Thursday 10 March 2022

Navy says destroyer can't sail because commander won't get COVID vaccine — and his superiors want him gone

 The United States Navy is refusing to deploy a guided-missile destroyer because the ship’s commanding officer is unvaccinated for COVID-19 and allegedly has disobeyed orders related to COVID.

What is the background?

The U.S. military announced a COVID-19 vaccine mandate last year that went into effect in October 2021. The policy does allow for religious, medical, and administrative exemptions.

The ship's commander initially joined a lawsuit last October requesting relief from the mandate religious grounds. The commander then dropped from that lawsuit and filed another lawsuit, along with a Marine lieutenant colonel, in U.S. district court in January alleging their First Amendment rights were violated when they were subject to reassignment for refusing to get the COVID vaccine.

Neither the ship's commander nor the ship he commands has been publicly identified.

What is happening now?

In February, U.S. District Court Judge Steven Merryday issued a preliminary injunction barring the Navy from requiring either plaintiff to receive the COVID-19 vaccine, Stars and Stripes reported. The order also prohibited military commanders from taking "any punitive or retaliatory measure" against the military officers.

The military responded on Feb. 28 by requesting an emergency stay on the injunction and condemned the court's intervention.

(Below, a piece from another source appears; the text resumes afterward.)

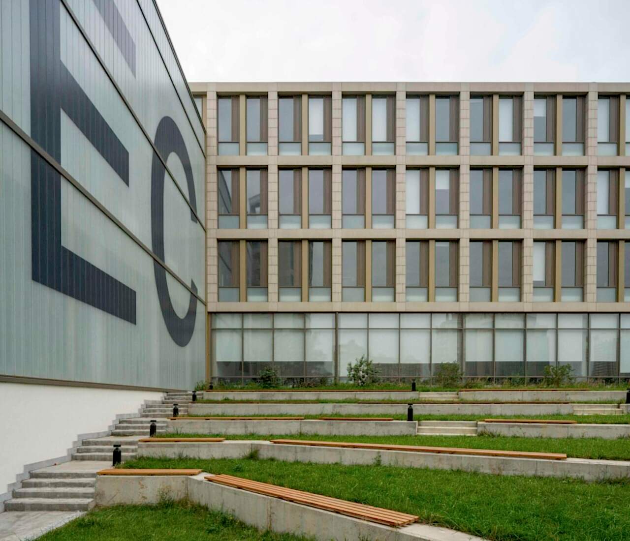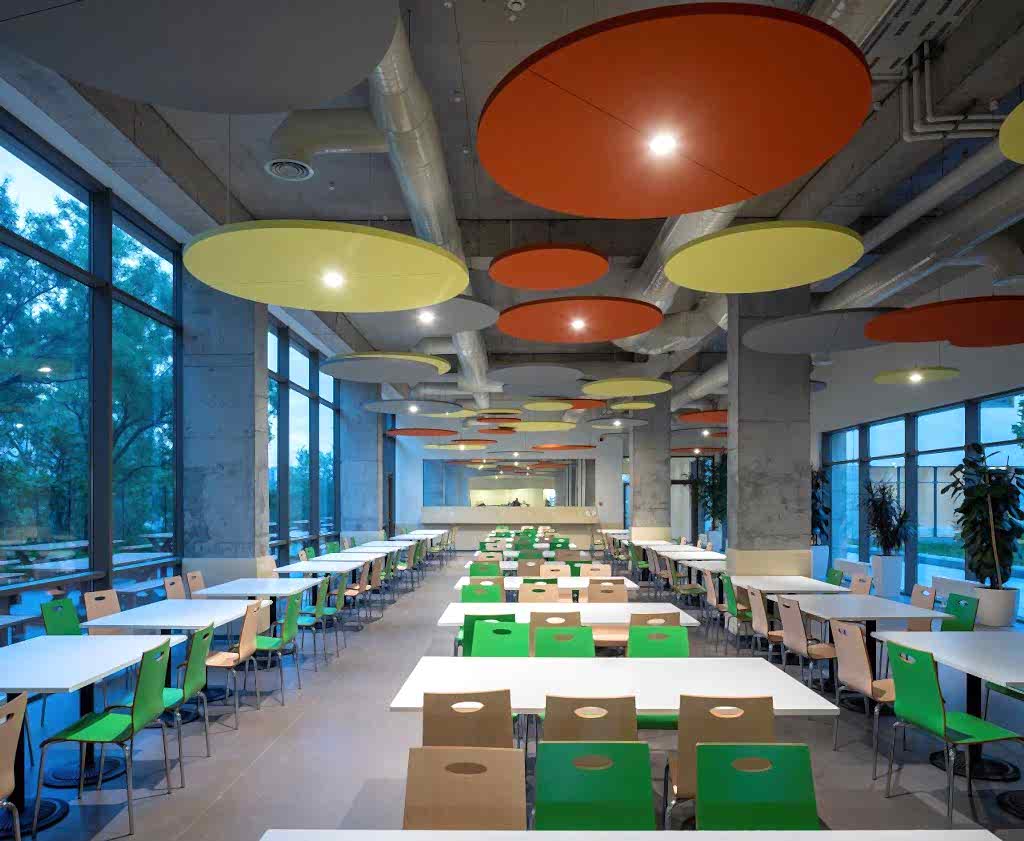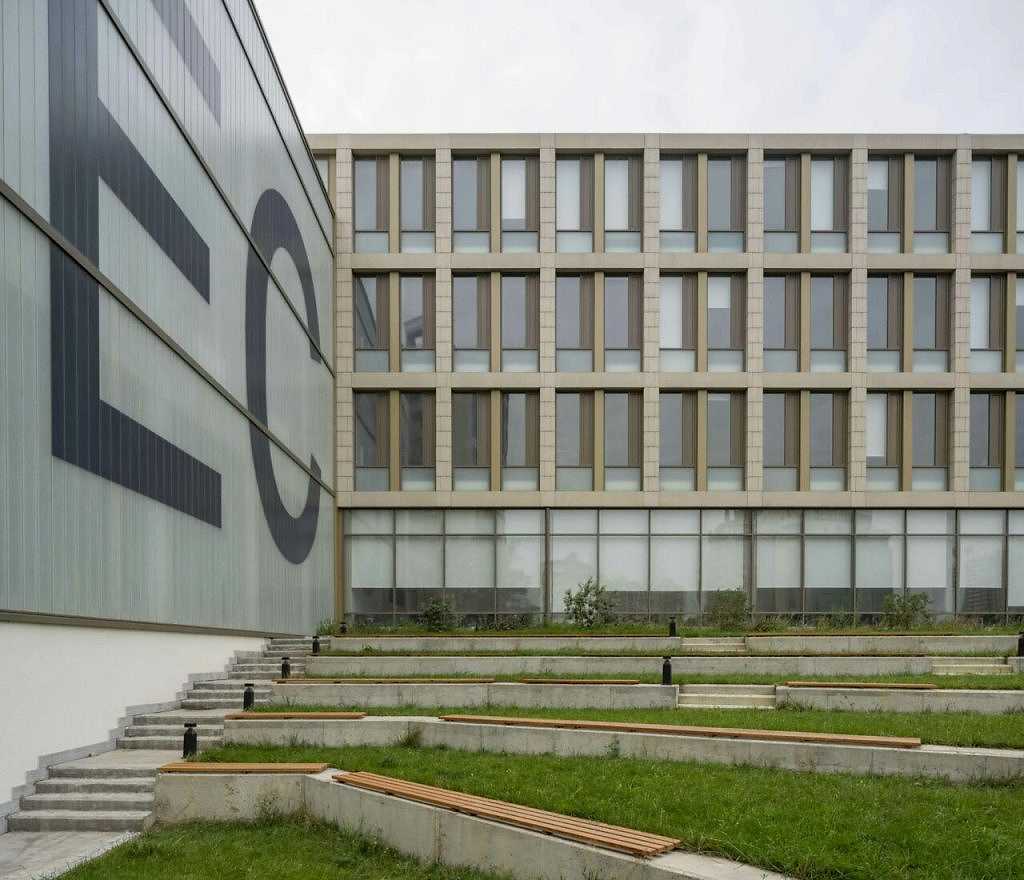Spor salonunun ve konferans salonunun tavanları, geniş açıklıklar sebebiyle çelik kirişlerle geçildi. Bu yapı, zaten korunmaya alınan tarihi duvarın arkasındaki akademik personel ve yönetim binası ile aynı kütlede yer alıyor. Cepheler U profilli cam panellerle devam ediyor. Konferans salonunda çelik kiriş içine saklı “blackout perdeler”, sürekli gün ışığıyla nötr olarak aydınlık bu mekanlarda ihtiyaç halinde ışık kontrolünü sağlıyor.
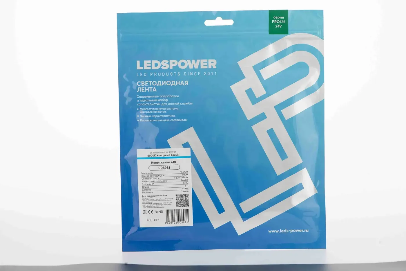 Светодиодная лента 2835 176/м (16Вт/м) 24В холодная, серия ПРО125 008981

"The order is an extraordinary intrusion upon the inner workings of the military that presents a direct and imminent threat to national security during a global military crisis, and it indefinitely sidelines a Navy warship," the military claimed.

The Navy also claimed the ship's commander has endangered his crew and lost their confidence. Capt. Frank Brandon, commodore of Destroyer Squadron 26, claimed the ship commander disregard medical rules after experiencing COVID-19 symptoms last November. Brandon reportedly ordered the commander to get tested for COVID, which resulted in a positive test.

Thus, the Pentagon claimed Merryday's order "effectively places a multi-billion dollar guided missile destroyer out of commission" because it is "forcing the Navy to keep in place a commander of a destroyer who has lost the trust of his superior officers and the Navy at large."

"If it becomes necessary to deploy an East Coast-based surface ship in response to global events in Ukraine (or elsewhere), the Navy will not deploy the Commander’s vessel," the Pentagon said.

How did the judge respond?

Unfortunately for the military, Merryday denied the Pentagon's appeal on March 3.

According to the Navy Times, Merryday accused attorneys for the military of trying "to evoke the frightening prospect of a dire national emergency resulting from allegedly reckless and unlawful overreaching by the district judge."

Merryday also accused the military of acting "as if [Religious Freedom Restoration Act] does not exist or has no application to the military or is a matter subject to the command discretion of the military."

The question presented in this action and presented by the explicit language of RFRA is whether vaccinating Navy Commander or Lieutenant Colonel 2 over their religious objection, that is, athwart the right of each to the free exercise of religion, is “the least restrictive means of furthering that compelling governmental interest.” RFRA establishes that explicit test and places the burden of proof on the government.

Proving the obvious, that vaccination is best for “the force” and necessary for “the force,” fails to satisfy the “to the person” test required by RFRA. The military designs to avoid the “to the person” test, but the statute is unflinching.

Interestingly, attorney Mat Staver of Liberty Counsel, the organization representing the plaintiffs, said the military deployed the Navy commander for training exercises just last month.

"When [the Pentagon's response] was filed in court saying the ship is not deployable because they lost confidence in the Commander, the Commander was on board the ship out to sea for two weeks of testing and training for military readiness,” Staver told the Navy Times. “He returned to port last Friday, March 4, after the drills were completed."

Considering the commander's ship was actually at-sea for more than 75% of the days before the COVID vaccine became available, attorneys for the plaintiffs described the Pentagon's actions as "petty retaliation and contempt."